As global warming worsens, addressing environmental health disparities and justice is increasingly important. This necessity is evident in southern metropolitan Tucson, Arizona, an area underserved and disproportionately experiencing the effects of climate change. Including underserved groups in problem solving can spur knowledge generation and the building of community capacity to address and mitigate environmental health challenges posed by climate justice. This article describes a community-based project that utilized a peer education framework coupled with citizen science design. Community health workers (promotoras) were trained in environmental health, climate change, and environmental monitoring protocols to then educate and train families about these same subjects.

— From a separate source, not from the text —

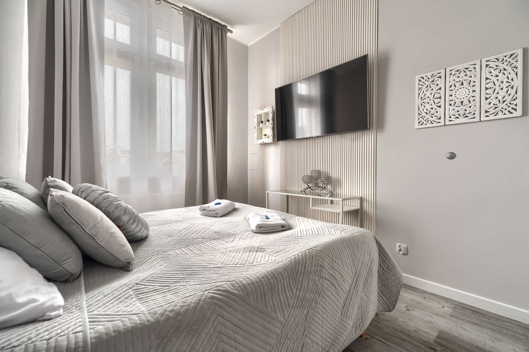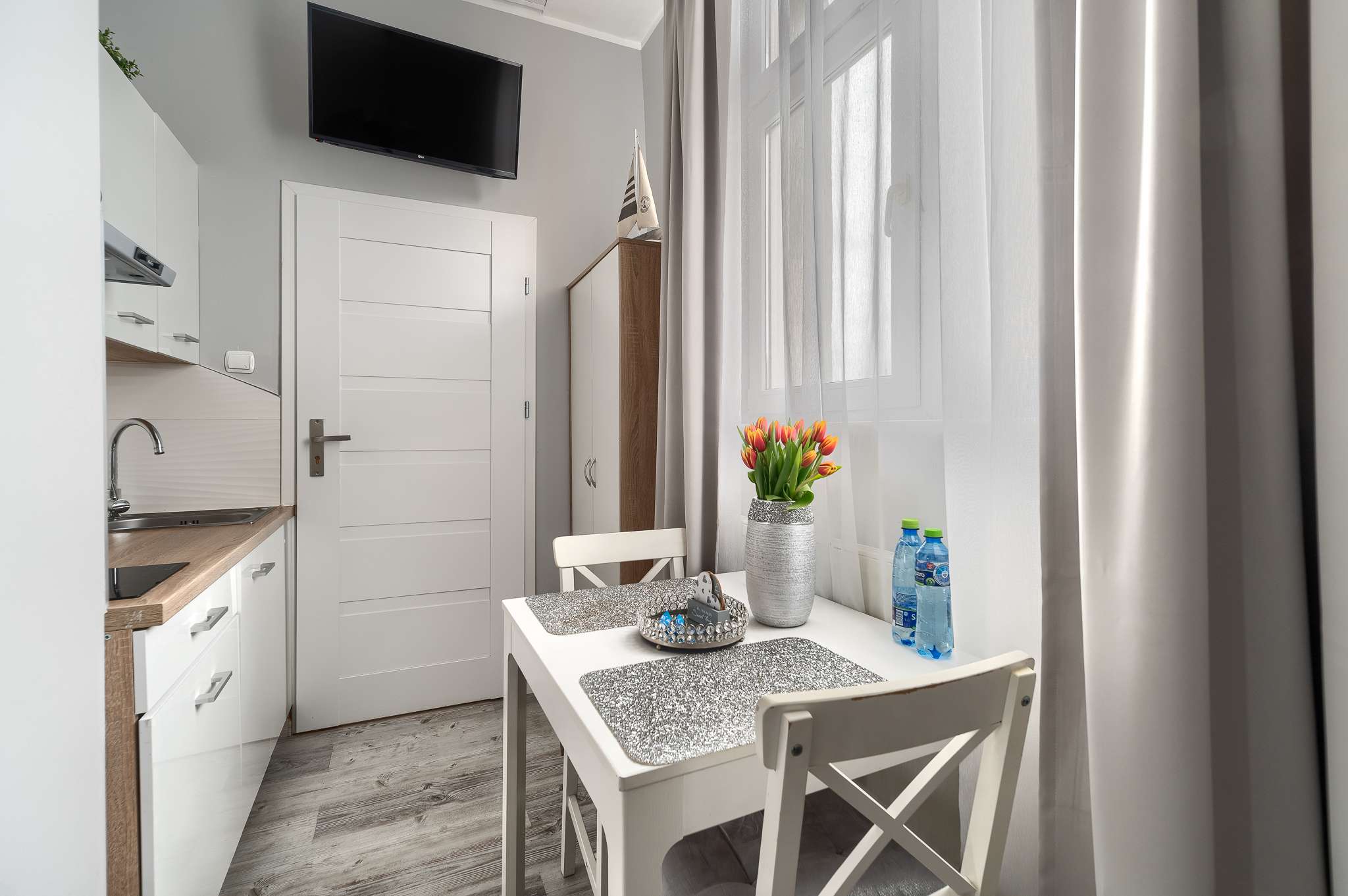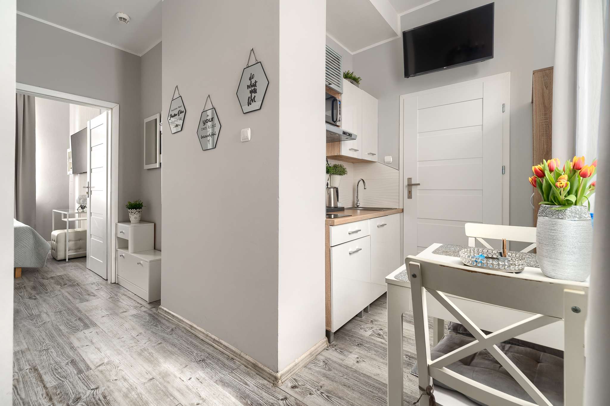 Do dyspozycji Gości pozostaje wygodne łóżko w oddzielnej sypialni, nowoczesna łazienka oraz w pełni wyposażony aneks kuchenny, który pozwala cieszyć się niezależnością podczas pobytu. W salonie znajduje się rozkładana sofa (140 cm) oraz stół z krzesłami, idealny do wspólnych posiłków czy pracy. Apartament został wyposażony w dwa telewizory – w salonie i w sypialni oraz dwie szafy, dzięki czemu oferuje jeszcze większą wygodę i przestrzeń do przechowywania. Uzupełnieniem są nowoczesne udogodnienia oraz sejf, który gwarantuje poczucie bezpieczeństwa i spokoju.

The study goal was to evaluate science and environmental health learning, awareness, and self-efficacy at the promotora and residential levels resulting from intensive 40-hour trainings, peer education via home visits, and environmental monitoring. Pre- and postsurveys were completed by the promotoras and the families they visited. Motivations for participation as well as changes in self-efficacy and knowledge were analyzed. Results revealed that the promotora’s motivations were primarily internal and they were concerned with health. Using the Wilcoxon signed-rank test (p = .05), it was observed that for both study groups, knowledge of water and energy conservation statistically increased, as well as self-efficacy for environmental action and scientific learning. This article demonstrates that promotoras are critical in environmental health and climate science peer education. These findings can be used to further develop peer education citizen science projects in underserved communities, ensuring that efforts increase participants’ learning, self-efficacy, and enhance social–ecological outcomes.

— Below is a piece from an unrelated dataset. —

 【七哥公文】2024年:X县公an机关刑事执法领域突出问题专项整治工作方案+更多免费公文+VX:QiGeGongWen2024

Increasing Environmental Health Literacy through Contextual Learning in Communities at Risk

Environmental health literacy (EHL) has recently been defined as the continuum of environmental health knowledge and awareness, skills and self-efficacy, and community action. In this study, an interdisciplinary team of university scientists, partnering with local organizations, developed and facilitated EHL trainings with special focus on rainwater harvesting and water contamination, in four communities with known environmental health stressors in Arizona, USA. These participatory trainings incorporated participants’ prior environmental health risk knowledge and personal experiences to co-create training content. Mixed methods evaluation was conducted via pre-post participant surveys in all four trainings (n = 53). Participants who did not demonstrate baseline environmental science knowledge pre-training demonstrated significant knowledge increase post-training, and participants who demonstrated low self-efficacy (SE) pre-training demonstrated a significant increase in SE post-training. Participants overall demonstrated a significant increase in specific environmental health skills described post-training. The interdisciplinary facilitator-scientist team also reported multiple benefits, including learning local knowledge that informed further research, and building trust relationships with community members for future collaboration. We propose contextual EHL education as a valuable strategy for increasing EHL in environmental health risk communities, and for building academia-community partnerships for environmental health research and action.